■ Exercise brief ■
Exclude the pictures, then repeat the remaining data exactly.

[Data excerpts]

[Start of Attachment]

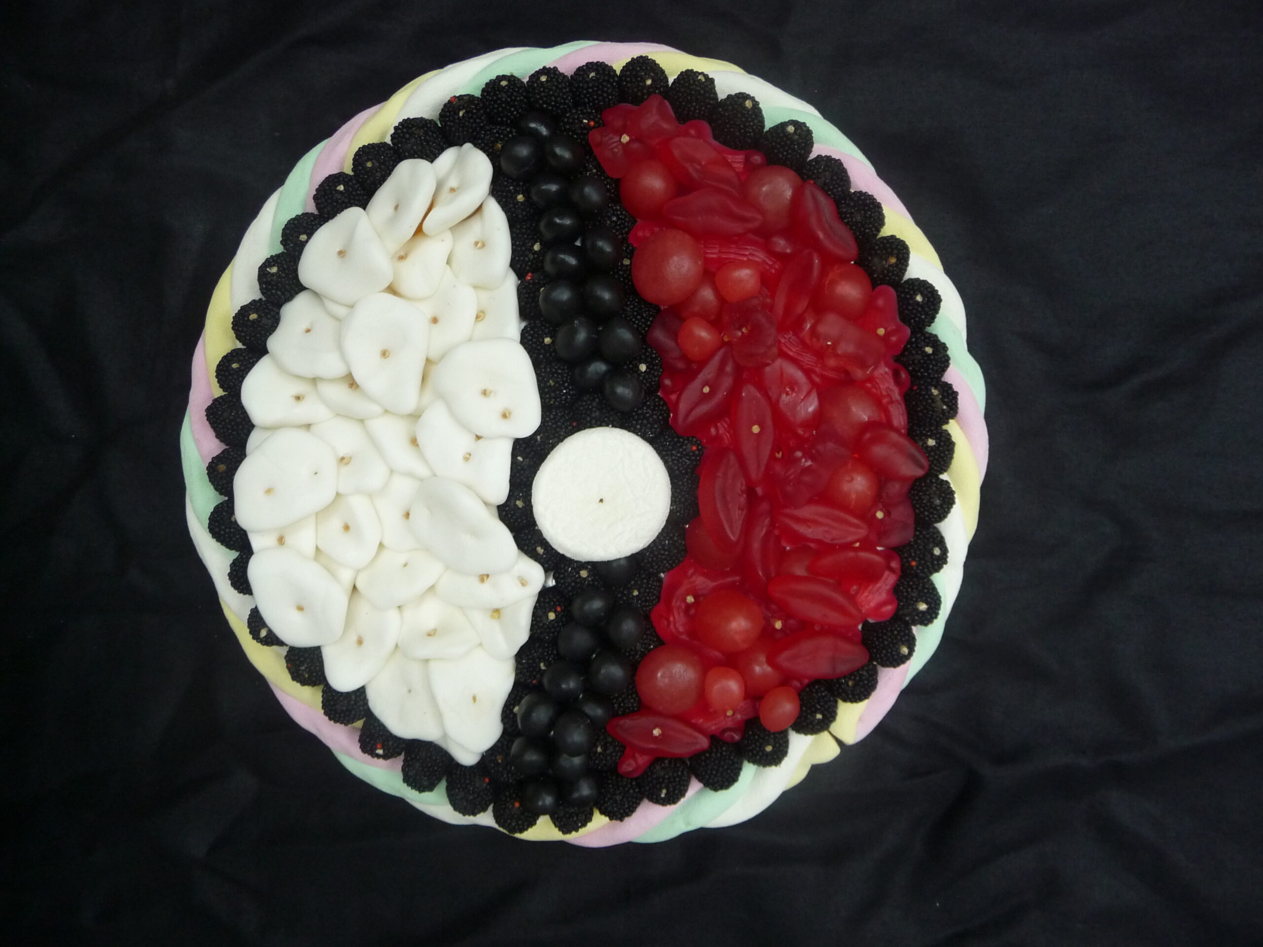 Gâteau de bonbons en forme d’une Pokeball de Pokemon. Le contour est en marshmallow. Intérieur garni d’un mélange de petites confiseries.
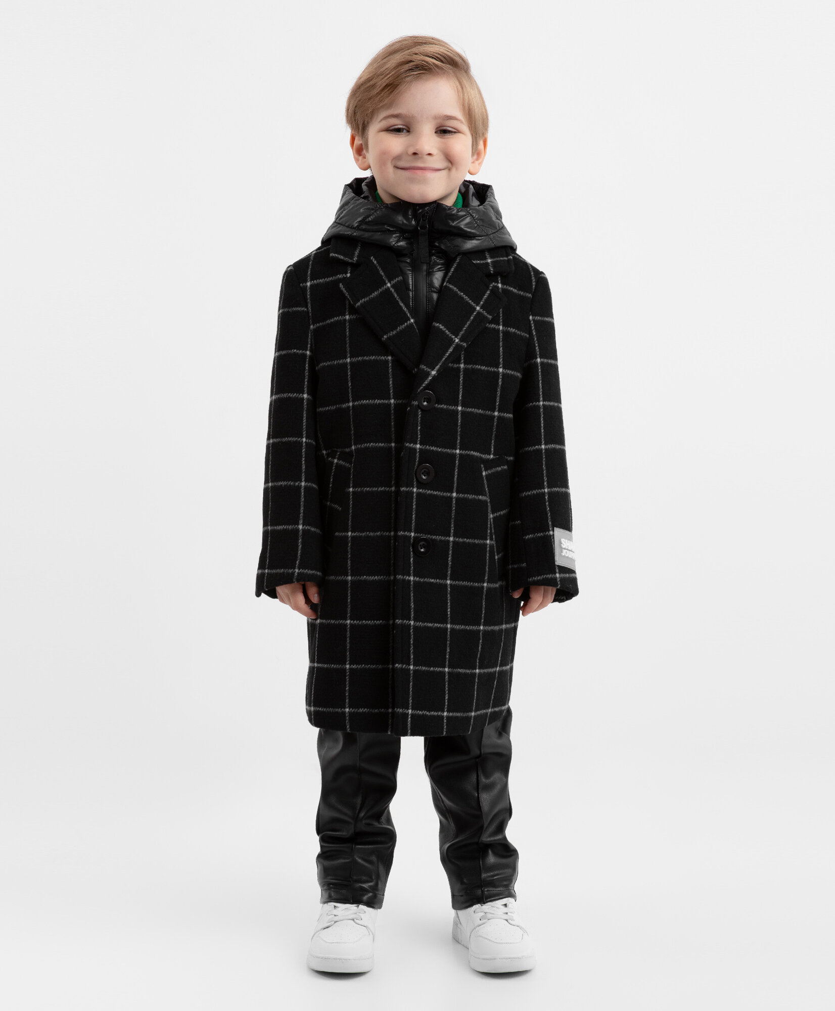 Пальто текстильное с отстёгивающейся манишкой в клетку чёрное для мальчика Gulliver, р.116, мод.22404BMC4505 информация:
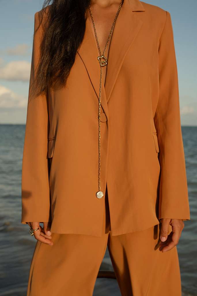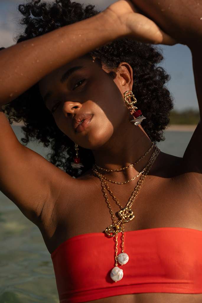 The Coral Marinho Lariat Necklace features a sophisticated gravatinha-style design crafted with a refined gold plated finish and coral-inspired details. Elegant and eye-catching, this necklace brings a modern statement while maintaining a delicate and feminine feel.
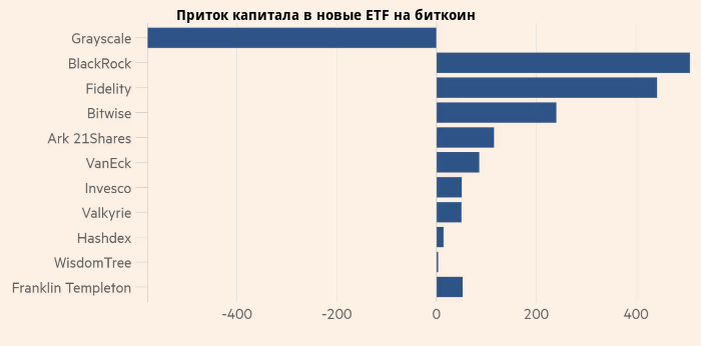 Инвесторы забрали из фондов Grayscale $579 млн и переложили их в новые криптопродукты от BlackRock и Fidelity Источник: The Finnacial Times Биржевые фонды биткоина привлекли чуть менее $1 млрд долларов в первые два дня торгов: инвесторы осторожно пробуют новые инструменты фондового рынка, привязанные напрямую к криптовалюте. По данным управляющего цифровыми активами CoinShares, фонды, в том числе BlackRock, Franklin Templeton и Invesco, с момента запуска в четверг в совокупности привлекли активы на сумму $984 млн. BlackRock, крупнейший в мире управляющий активами, лидирует с притоком в размере $508 млн, за ним следует Fidelity — фонд привлек $442 млн. На прошлой неделе криптоэнтузиасты праздновали решение Комиссии по ценным бумагам и биржам (SEC), которая одобрила запуск 11 спотовых ETF на биткоин. Сторонники надеются, что это привлечет на крипторынок новых инвесторов, а его стоимость вырастет в долгосрочной. С октября 2023 года, в ожидании решения SEC, биткоин подорожал более чем на
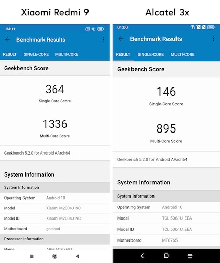 Im Alcatel 3x steckt der Helio P22 und die PowerVR-GPU sowie sechs Gigabyte Arbeitsspeicher. Das Redmi 9 kann nur vier Gigabyte bieten. Aber beim Benutzen der beiden Smartphones fühlt sich das Redmi 9 fixer an. Die Ladezeiten erscheinen kürzer und die Benutzeroberfläche wirkt flüssiger. Meine subjektiven ersten Eindrücke will ich noch überprüfen. Ich schicke die beiden Günstig-Smartphones deshalb auf die Geekbench 5. Die App lässt die Smartphones verschiedene Aufgaben mit einem oder mehreren Rechenkernen erledigen und vergibt Punktzahlen, nachdem wie gut sich die Hardware dabei schlägt. Nachdem die Smartphones an die Schmerzgrenze gehen mussten, steht ein Sieger fest: Das Redmi 9 364 und 1336 Punkte im Single- und Multi-Kern-Modus. Das Alcatel 3x schafft nur 146 und 895 Punkte.

[End of Attachment]

■ Solved exercise ■
 Gâteau de bonbons en forme d’une Pokeball de Pokemon. Le contour est en marshmallow. Intérieur garni d’un mélange de petites confiseries.
 Пальто текстильное с отстёгивающейся манишкой в клетку чёрное для мальчика Gulliver, р.116, мод.22404BMC4505 информация:
 The Coral Marinho Lariat Necklace features a sophisticated gravatinha-style design crafted with a refined gold plated finish and coral-inspired details. Elegant and eye-catching, this necklace brings a modern statement while maintaining a delicate and feminine feel.
 Инвесторы забрали из фондов Grayscale $579 млн и переложили их в новые криптопродукты от BlackRock и Fidelity Источник: The Finnacial Times Биржевые фонды биткоина привлекли чуть менее $1 млрд долларов в первые два дня торгов: инвесторы осторожно пробуют новые инструменты фондового рынка, привязанные напрямую к криптовалюте. По данным управляющего цифровыми активами CoinShares, фонды, в том числе BlackRock, Franklin Templeton и Invesco, с момента запуска в четверг в совокупности привлекли активы на сумму $984 млн. BlackRock, крупнейший в мире управляющий активами, лидирует с притоком в размере $508 млн, за ним следует Fidelity — фонд привлек $442 млн. На прошлой неделе криптоэнтузиасты праздновали решение Комиссии по ценным бумагам и биржам (SEC), которая одобрила запуск 11 спотовых ETF на биткоин. Сторонники надеются, что это привлечет на крипторынок новых инвесторов, а его стоимость вырастет в долгосрочной. С октября 2023 года, в ожидании решения SEC, биткоин подорожал более чем на
 Im Alcatel 3x steckt der Helio P22 und die PowerVR-GPU sowie sechs Gigabyte Arbeitsspeicher. Das Redmi 9 kann nur vier Gigabyte bieten. Aber beim Benutzen der beiden Smartphones fühlt sich das Redmi 9 fixer an. Die Ladezeiten erscheinen kürzer und die Benutzeroberfläche wirkt flüssiger. Meine subjektiven ersten Eindrücke will ich noch überprüfen. Ich schicke die beiden Günstig-Smartphones deshalb auf die Geekbench 5. Die App lässt die Smartphones verschiedene Aufgaben mit einem oder mehreren Rechenkernen erledigen und vergibt Punktzahlen, nachdem wie gut sich die Hardware dabei schlägt. Nachdem die Smartphones an die Schmerzgrenze gehen mussten, steht ein Sieger fest: Das Redmi 9 364 und 1336 Punkte im Single- und Multi-Kern-Modus. Das Alcatel 3x schafft nur 146 und 895 Punkte.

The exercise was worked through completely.